Фрида провела в Нью-Йорке уже две недели, когда к ней в гостиничный номер пришла Элла, вся в слезах.
— Ты слышала? Дороти мертва!
Киноактриса Дороти Хейл выбросилась из окна небоскреба после блестящей прощальной вечеринки. Ее муж умер несколькими годами ранее, она увязла в долгах, и никто больше не давал ей ролей в кино, считая слишком старой. В отчаянии, не видя выхода, она и покончила с собой.
Фрида много размышляла о Дороти, с которой была немного знакома. Когда подруга актрисы попросила нарисовать портрет погибшей, Фрида сразу же согласи-лась.

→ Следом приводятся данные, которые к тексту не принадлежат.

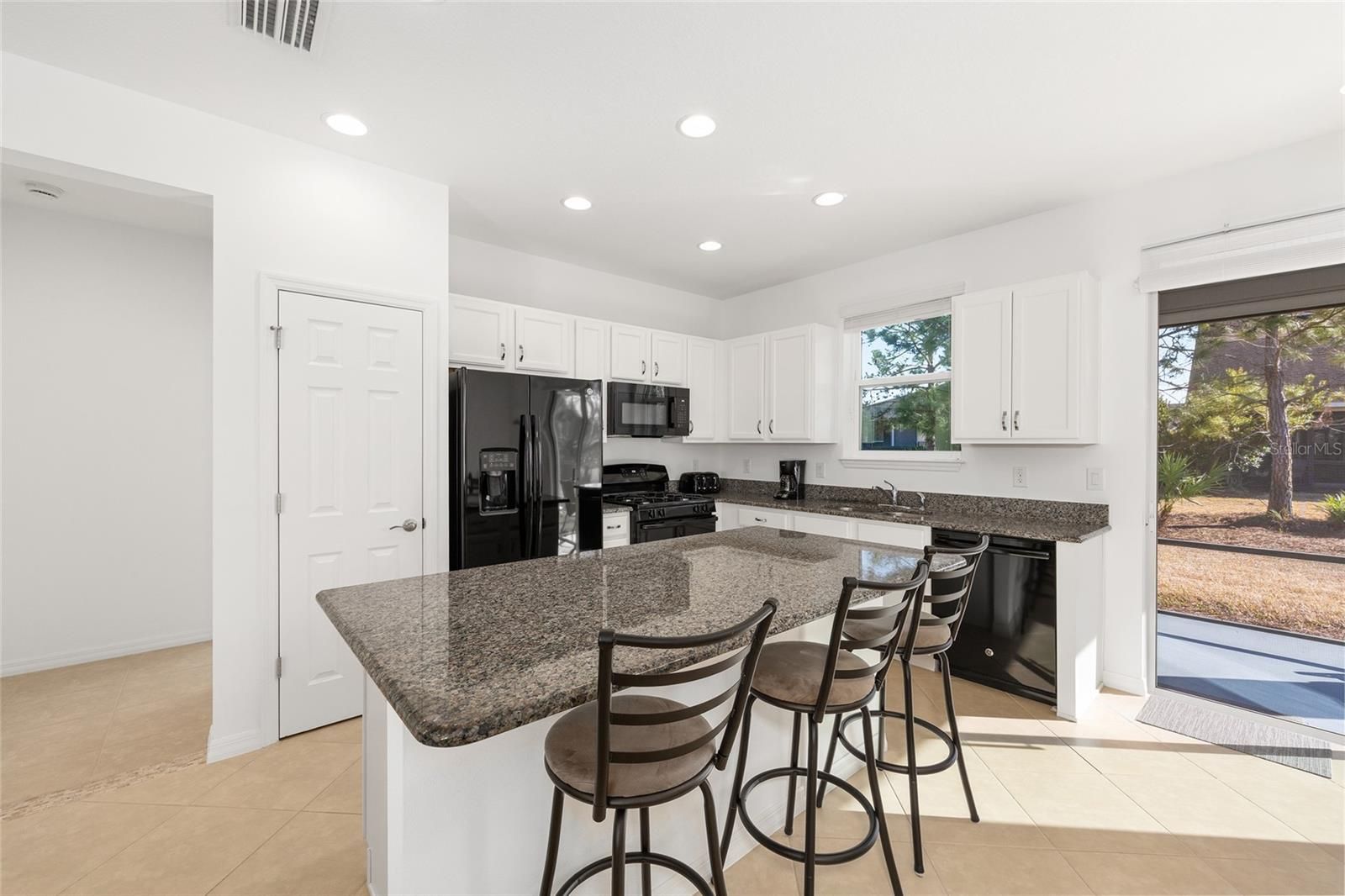 - Ceiling Fan(s), Eat-in Kitchen, High Ceilings, Kitchen/Family Room Combo, Open Floorplan, Main Level Primary, Solid-Wood Cabinets, Split Bedrooms, Stone Counters, Thermostat, Walk-In Closet(s), Window Treatments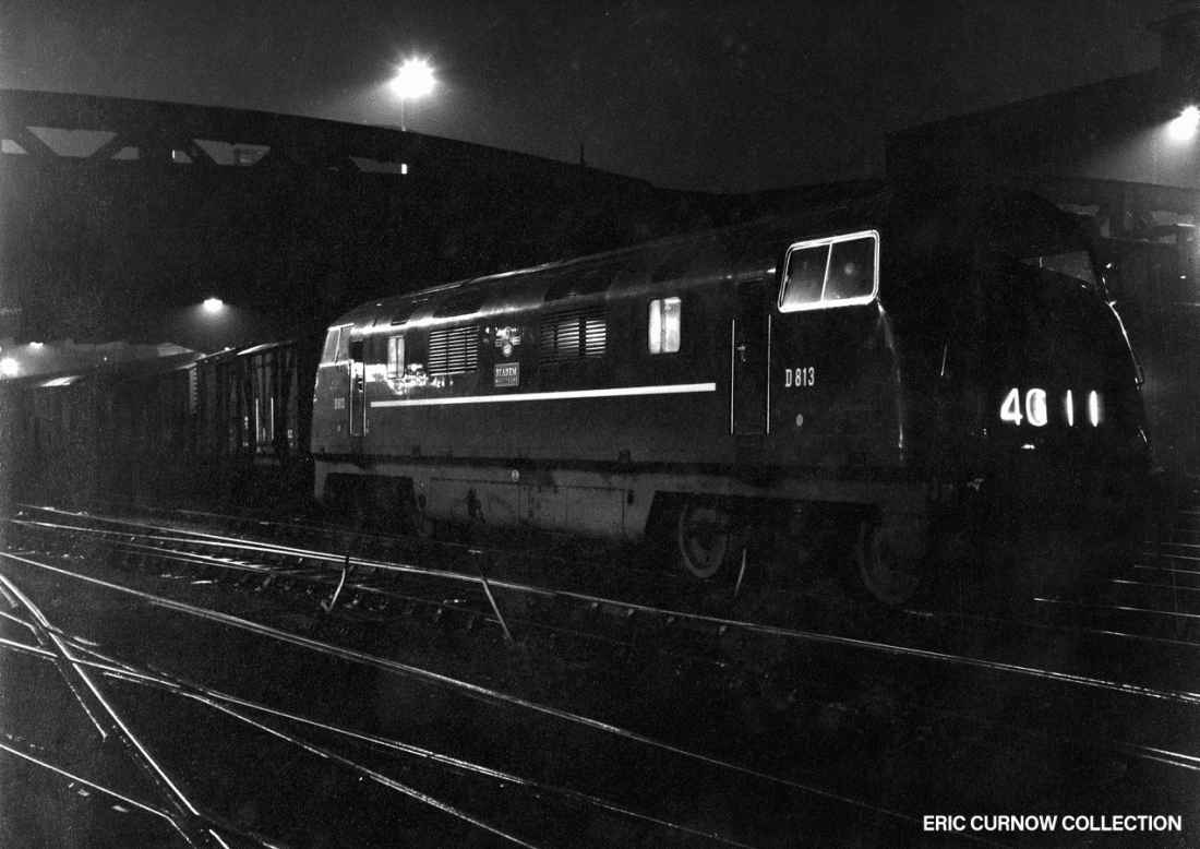This BR promotional shot features D813 “DIADEM” in green livery, leaving Paddington Station with a van train at night. Above the train is “Bishop’s Bridge”, and in the foreground, surprisingly, points levers – that you might expect to be Signal Box controlled here. 6####EK01-PAD—D813-GDS_D

У нее и самой была такая идея. Во время работы над картиной в голову ей лезли непрошеные мысли. Куда деваться женщинам, у которых нет ни мужа, ни денег, ни перспектив на работу? Их ждет ужасная судьба. Бедная Дороти! Но самоубийство актрисы убедило Фриду в том, что надо наслаждаться жизнью, пока можно, пусть и придется нарушить пару правил.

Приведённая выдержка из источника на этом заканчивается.